> Data excerpt
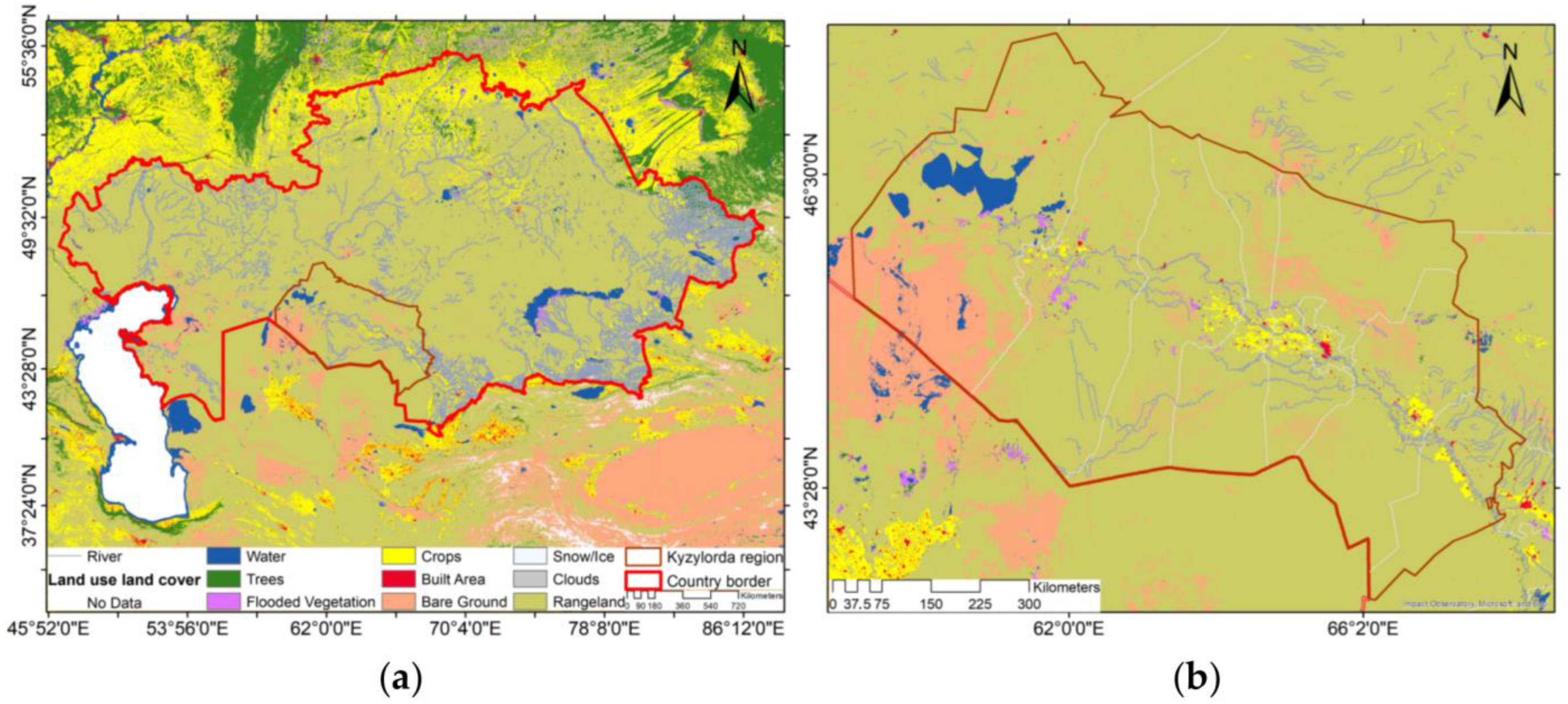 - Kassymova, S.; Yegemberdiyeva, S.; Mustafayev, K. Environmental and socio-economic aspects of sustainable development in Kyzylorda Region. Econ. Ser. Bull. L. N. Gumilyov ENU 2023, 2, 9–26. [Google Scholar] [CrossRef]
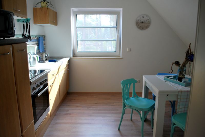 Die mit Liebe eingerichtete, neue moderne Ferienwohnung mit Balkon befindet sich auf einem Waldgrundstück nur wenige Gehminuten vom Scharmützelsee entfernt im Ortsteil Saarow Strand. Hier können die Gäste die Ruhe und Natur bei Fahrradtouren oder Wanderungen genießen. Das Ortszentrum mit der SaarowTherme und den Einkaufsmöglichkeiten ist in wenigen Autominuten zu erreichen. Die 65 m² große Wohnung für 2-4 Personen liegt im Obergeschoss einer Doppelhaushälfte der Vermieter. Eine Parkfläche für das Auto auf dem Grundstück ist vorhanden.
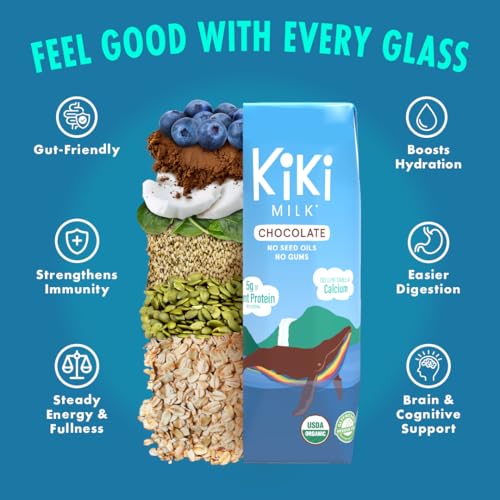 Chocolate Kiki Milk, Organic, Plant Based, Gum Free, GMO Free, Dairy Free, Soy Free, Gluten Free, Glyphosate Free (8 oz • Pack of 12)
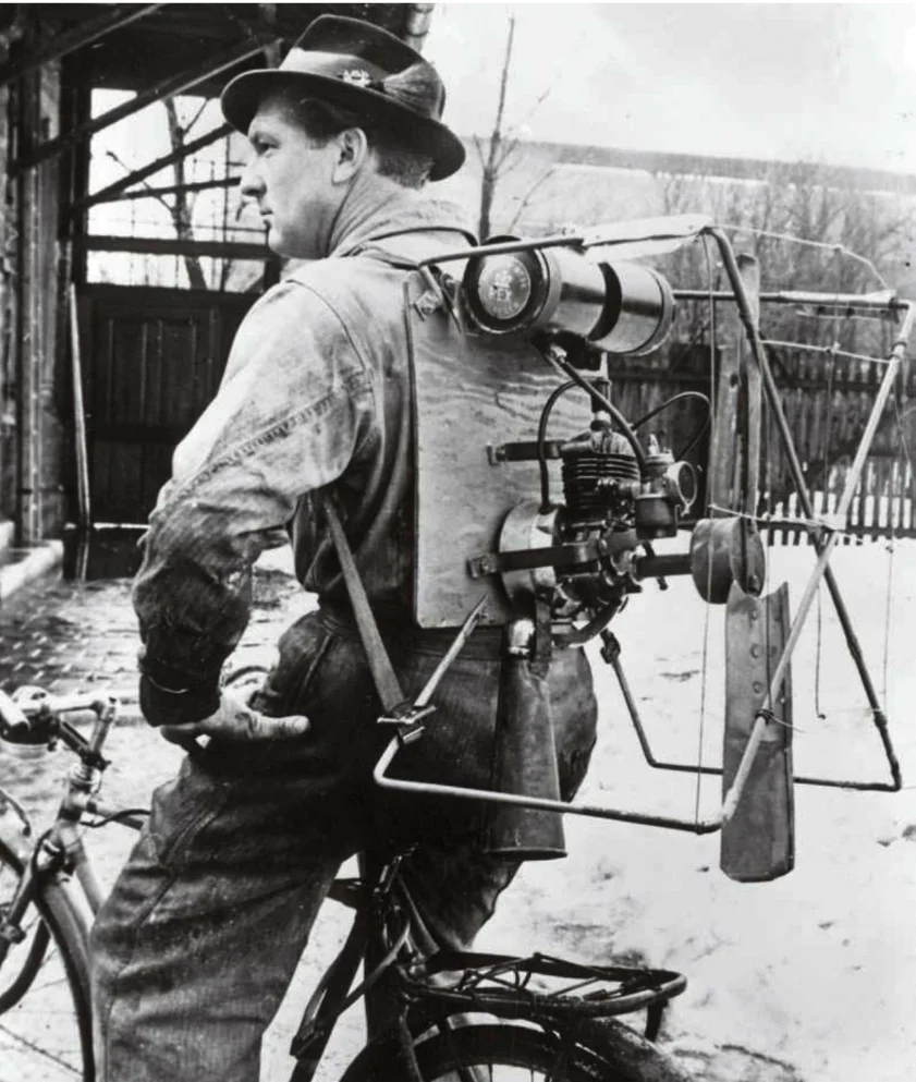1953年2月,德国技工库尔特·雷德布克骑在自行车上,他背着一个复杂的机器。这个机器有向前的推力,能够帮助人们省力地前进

> What you need to do
The pictures in the listing above are to be dropped, and everything else reproduced exactly.

> Answer space
 - Kassymova, S.; Yegemberdiyeva, S.; Mustafayev, K. Environmental and socio-economic aspects of sustainable development in Kyzylorda Region. Econ. Ser. Bull. L. N. Gumilyov ENU 2023, 2, 9–26. [Google Scholar] [CrossRef]
 Die mit Liebe eingerichtete, neue moderne Ferienwohnung mit Balkon befindet sich auf einem Waldgrundstück nur wenige Gehminuten vom Scharmützelsee entfernt im Ortsteil Saarow Strand. Hier können die Gäste die Ruhe und Natur bei Fahrradtouren oder Wanderungen genießen. Das Ortszentrum mit der SaarowTherme und den Einkaufsmöglichkeiten ist in wenigen Autominuten zu erreichen. Die 65 m² große Wohnung für 2-4 Personen liegt im Obergeschoss einer Doppelhaushälfte der Vermieter. Eine Parkfläche für das Auto auf dem Grundstück ist vorhanden.
 Chocolate Kiki Milk, Organic, Plant Based, Gum Free, GMO Free, Dairy Free, Soy Free, Gluten Free, Glyphosate Free (8 oz • Pack of 12)
1953年2月,德国技工库尔特·雷德布克骑在自行车上,他背着一个复杂的机器。这个机器有向前的推力,能够帮助人们省力地前进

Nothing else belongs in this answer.